An improved hybrid electronic meeting system provides a method to distinguish real and intended participants in a meeting broadcast from reflections, screen-based images, and even non-participant persons that may be outside of a meeting area, such as in a background. A secondary sensor provides information used to verify the physical presence of people and ensures they are within a set range of a meeting camera, or that they are within a meeting room or area. Various secondary sensors may be used such as time-of-flight (ToF) sensors, PIR sensors or light detection and ranging (LIDAR)sensors.
The information collected by one or more of such secondary sensors is used to identify physical presence. Each identified physical presence is cross-referenced with people or faces identified from camera images in a scene. Faces that do not match are identified as not verified as physically-present by the secondary sensor and identified as extraneous faces. Extraneous faces are ignored while creating participant frames for transmission to remote participants.
FIG. 1 is an overhead block representation of a meeting area 100 that includes a meeting table 110. The meeting area 100 may include walls or may even be an open space in various examples. A first device 115 is located near a middle of the table 110 and includes one or more displays 120 and 125 as well as a first camera 130. First camera 130 may include several cameras to capture view of the room including a 360-degree field of view. Displays 120 and 125 may contain gallery views that may include remote participants, and optionally local participants.

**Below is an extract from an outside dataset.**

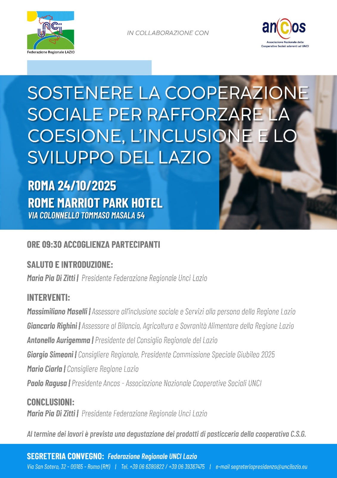 Questo il tema del Convegno organizzato dalla nostra Federazione Regionale UNCI Lazio in collaborazione con ANCOS, che si terrà il 24 ottobre 2025 presso il Marriot Park Hotel Via Colonnello Tommaso Masala n. 54 in Roma. L’evento vuole essere occasione di incontro e dialogo costruttivo tra le Istituzioni Regionali e il mondo delle cooperative sociali Unci, per portare avanti , insieme, il percorso condiviso di sviluppo negli ambiti socio-sanitario, economico ed occupazionale della nostra regione, con particolare riferimento ai bisogni e all’inclusione delle componenti più fragili della collettività.

First device 115 may also include a secondary sensor 135 used to provide information from which a physical presence of a meeting participant can be identified. Example secondary sensors include time-of-flight (ToF) sensors, passive infrared (PIR) sensors, or light detection and ranging (LIDAR) sensors.
ToF sensors are devices that have found extensive applications across multiple sectors. ToF sensors calculate the distance between the sensor and an object, such as a face or body, based on the travel time of a light signal. ToF sensors are used for a range of applications, including robot navigation, vehicle monitoring, people counting, and object detection. When an image of a participant has no depth, the image is likely captured from a reflective surface or display and may be characterized as an extraneous image based on the lack of depth. Since a reflective surface or display is usually fairly flat, the depth may be the same if the sensor is located orthogonal to the surface. If not, the depth may vary linearly or substantially linearly in the case of a curved display or surface, which is also characteristic of a reflection or display.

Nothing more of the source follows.